**DATA**
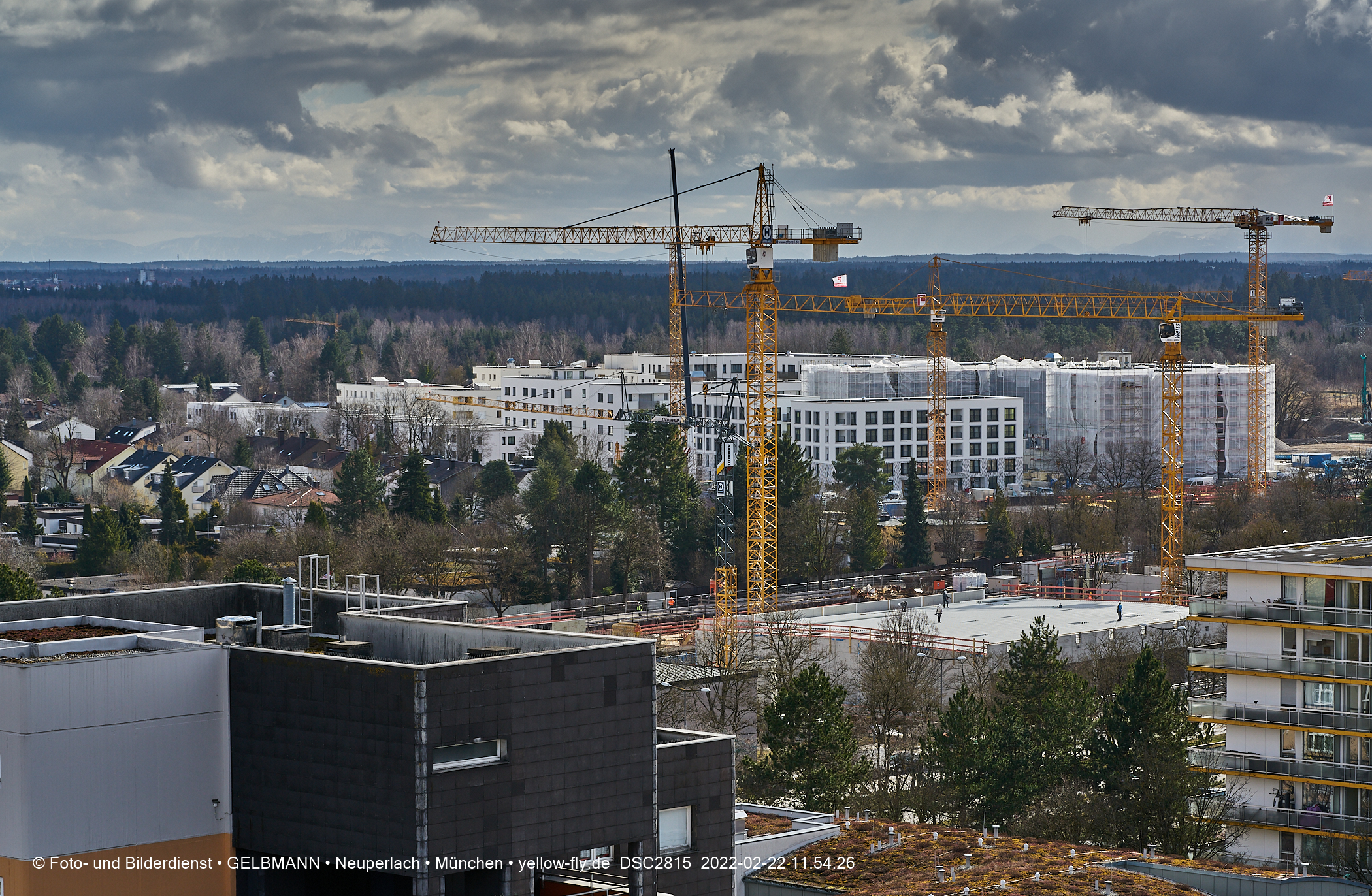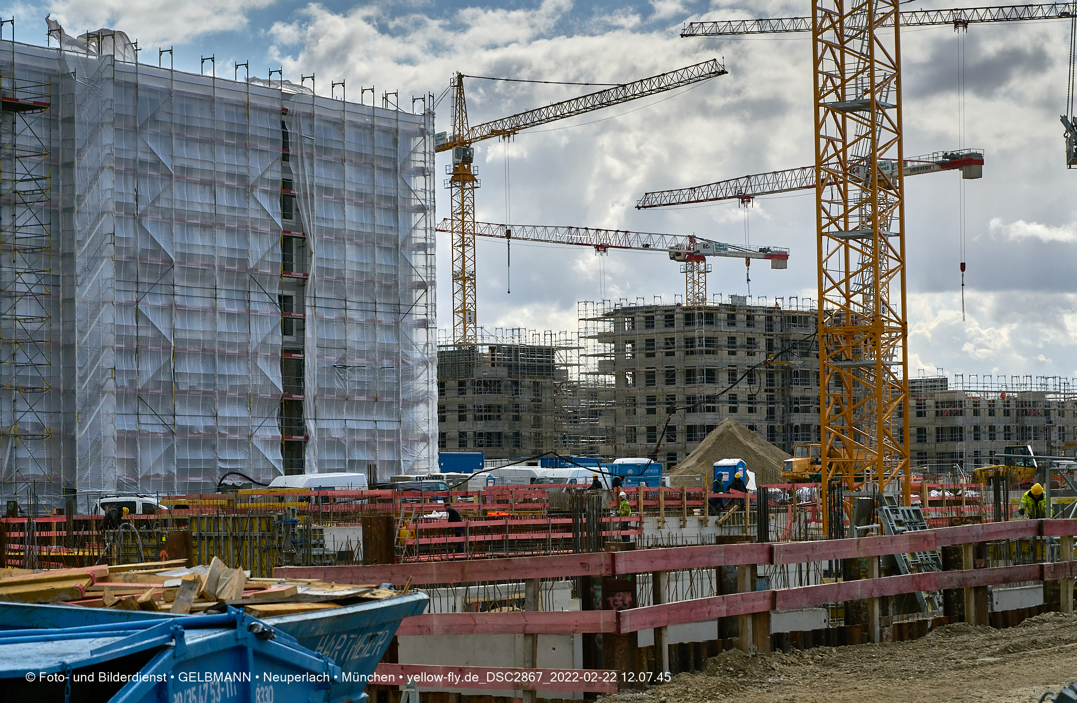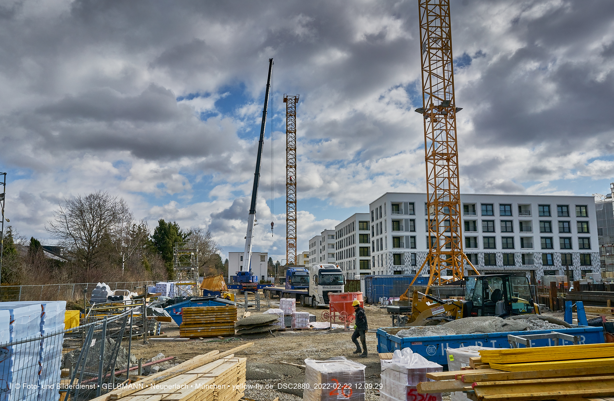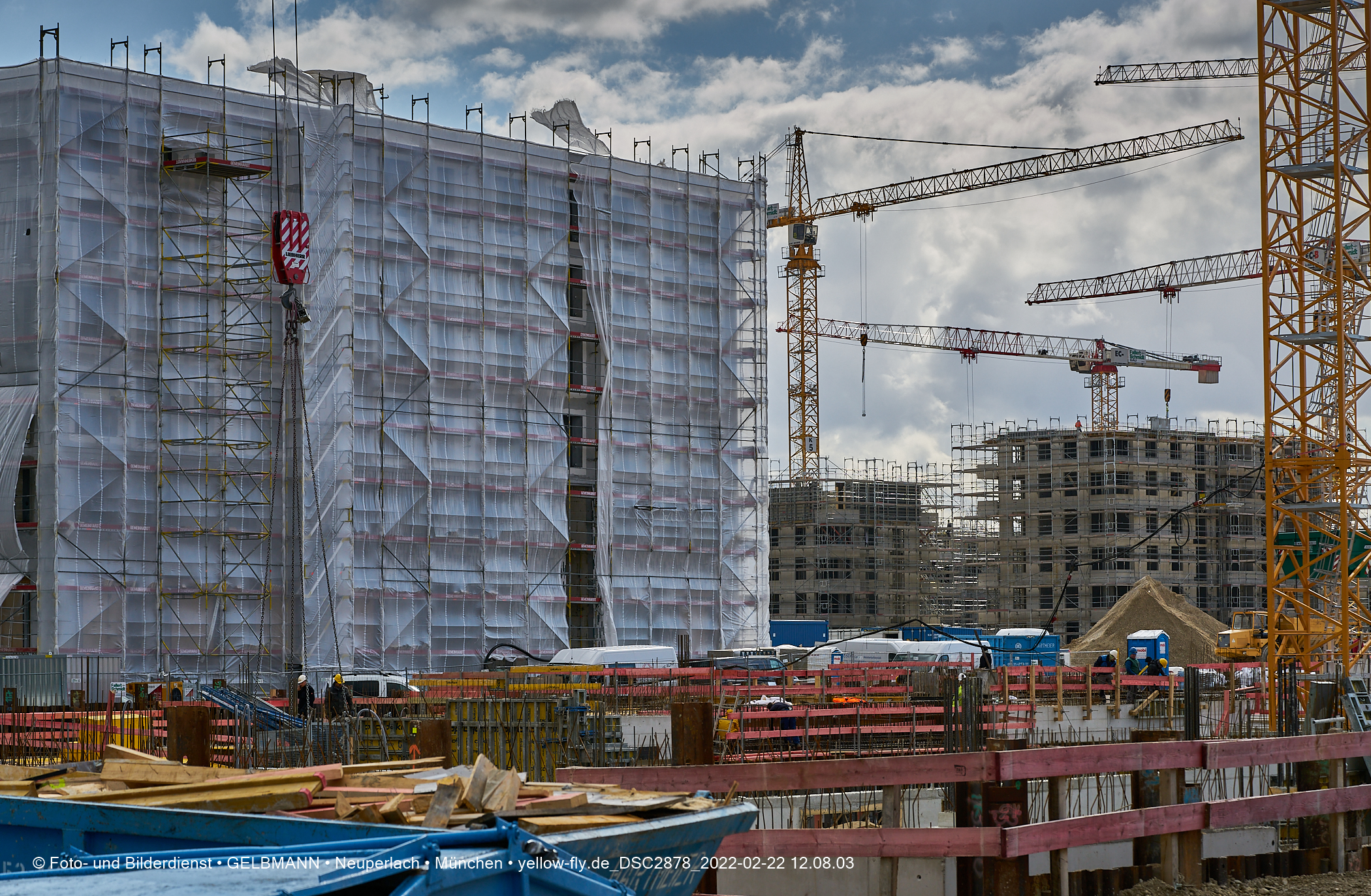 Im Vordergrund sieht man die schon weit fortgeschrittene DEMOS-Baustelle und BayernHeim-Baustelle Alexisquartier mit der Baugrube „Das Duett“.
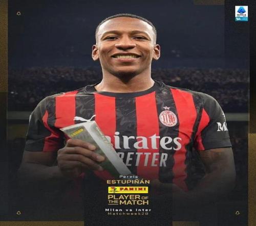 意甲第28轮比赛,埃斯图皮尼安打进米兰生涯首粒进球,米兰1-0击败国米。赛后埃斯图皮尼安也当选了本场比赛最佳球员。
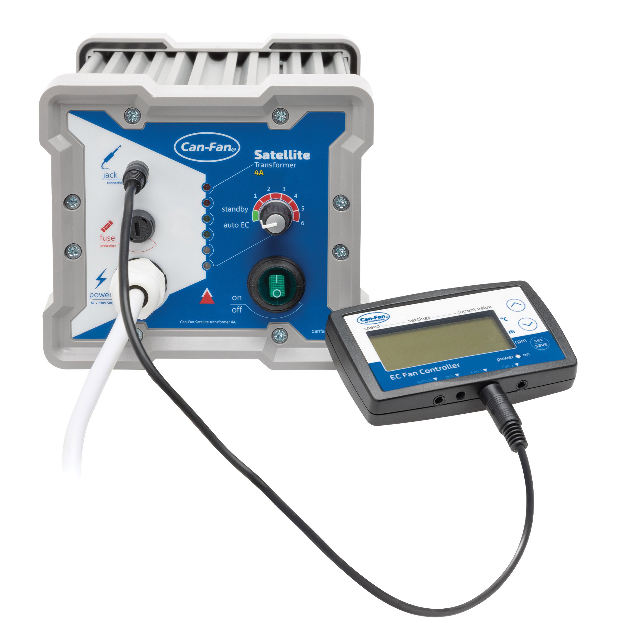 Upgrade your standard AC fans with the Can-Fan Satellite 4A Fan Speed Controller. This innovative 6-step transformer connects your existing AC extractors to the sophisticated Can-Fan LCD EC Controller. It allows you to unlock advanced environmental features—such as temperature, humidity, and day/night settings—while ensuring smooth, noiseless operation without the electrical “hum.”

**WORK REQUIRED**
Line by line, write out the data above exactly, without the pictures.

**EXPECTED ANSWER**
 Im Vordergrund sieht man die schon weit fortgeschrittene DEMOS-Baustelle und BayernHeim-Baustelle Alexisquartier mit der Baugrube „Das Duett“.
 意甲第28轮比赛,埃斯图皮尼安打进米兰生涯首粒进球,米兰1-0击败国米。赛后埃斯图皮尼安也当选了本场比赛最佳球员。
 Upgrade your standard AC fans with the Can-Fan Satellite 4A Fan Speed Controller. This innovative 6-step transformer connects your existing AC extractors to the sophisticated Can-Fan LCD EC Controller. It allows you to unlock advanced environmental features—such as temperature, humidity, and day/night settings—while ensuring smooth, noiseless operation without the electrical “hum.”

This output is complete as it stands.